◆ EXERCISE BRIEF: Would you retype the listing below word for word, without any of its pictures?

◆ THE DATA:
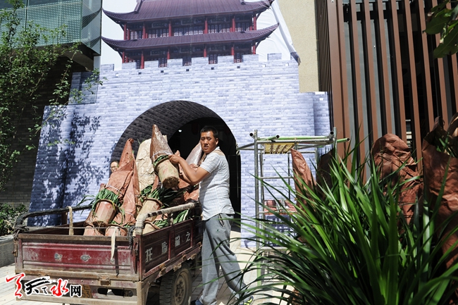 5月16日,随着节会的临近,秦州区祖脉文化展演展示活动也已开始布展。图为工作人员正在搬运布置会场所需的花草。(天水日报记者 周文涛 摄)
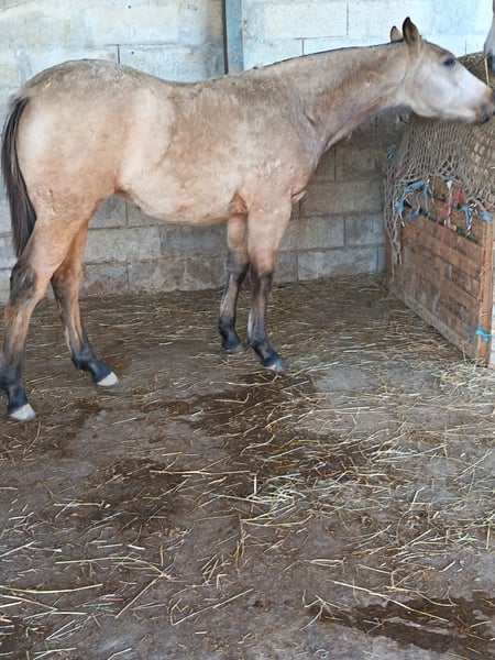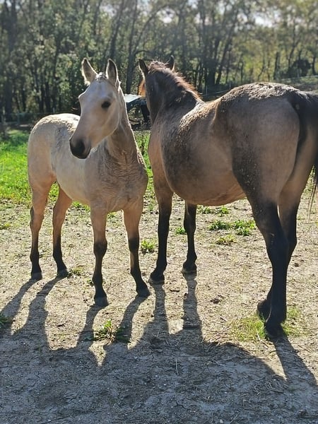 Olympe has found her family, and now it’s the turn of the charismatic Pluie d’Étoiles to find hers! Pluie d’Étoiles is a stunning, full-blooded crème-colored foal with a chocolate coat, born on May 4, 2025. Mother: Calanne des Dieux, a full-blooded, crème-colored, smoky bay mare with PRE origins. Father: Ice Dream One, a full-blooded quarter horse stallion with a cremello coat, approved for breeding, with crème-colored lineage. Expected height around 1.55–1.60 m. Curious, very affectionate, and human-oriented. Calm temperament with just the right amount of blood. Will be a versatile mare suitable for all disciplines: working equitation, flat riding, outdoor riding, TREC, Equifeel, Western, mountain trail, eventing, and even breeding, given her pedigree. Late, gradual weaning planned for early January 2026 (at 8 months), possibly February 2026. Herd-kept. Vaccinated, chipped, dewormed, and under veterinary care. Well-trained and familiar with age-appropriate groundwork (halter-trained, leads, gives feet, lunges). Can be seen with her mother near Toulouse. Transport available upon request. Price: €5,000 including VAT (reservation deposit of €1,000; the remaining balance can be paid in installments until weaning).
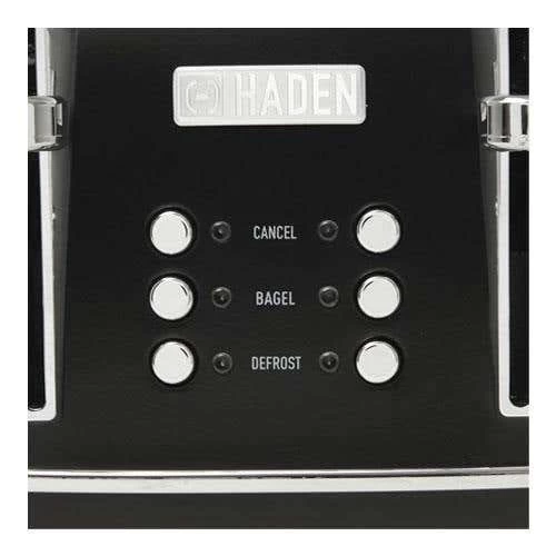 Brighten up your morning routine and upgrade your kitchen counter with the Haden Heritage 4 Slice Black & Chrome Toaster. This retro-chic product features multiple settings to ensure that your toasts or bagels are browned exactly to your liking, this product has a cancel setting that lets you stop the toasting cycle midway. A self-centering function automatically centers bread for a perfect result.

◆ EXERCISE ANSWER:
 5月16日,随着节会的临近,秦州区祖脉文化展演展示活动也已开始布展。图为工作人员正在搬运布置会场所需的花草。(天水日报记者 周文涛 摄)
 Olympe has found her family, and now it’s the turn of the charismatic Pluie d’Étoiles to find hers! Pluie d’Étoiles is a stunning, full-blooded crème-colored foal with a chocolate coat, born on May 4, 2025. Mother: Calanne des Dieux, a full-blooded, crème-colored, smoky bay mare with PRE origins. Father: Ice Dream One, a full-blooded quarter horse stallion with a cremello coat, approved for breeding, with crème-colored lineage. Expected height around 1.55–1.60 m. Curious, very affectionate, and human-oriented. Calm temperament with just the right amount of blood. Will be a versatile mare suitable for all disciplines: working equitation, flat riding, outdoor riding, TREC, Equifeel, Western, mountain trail, eventing, and even breeding, given her pedigree. Late, gradual weaning planned for early January 2026 (at 8 months), possibly February 2026. Herd-kept. Vaccinated, chipped, dewormed, and under veterinary care. Well-trained and familiar with age-appropriate groundwork (halter-trained, leads, gives feet, lunges). Can be seen with her mother near Toulouse. Transport available upon request. Price: €5,000 including VAT (reservation deposit of €1,000; the remaining balance can be paid in installments until weaning).
 Brighten up your morning routine and upgrade your kitchen counter with the Haden Heritage 4 Slice Black & Chrome Toaster. This retro-chic product features multiple settings to ensure that your toasts or bagels are browned exactly to your liking, this product has a cancel setting that lets you stop the toasting cycle midway. A self-centering function automatically centers bread for a perfect result.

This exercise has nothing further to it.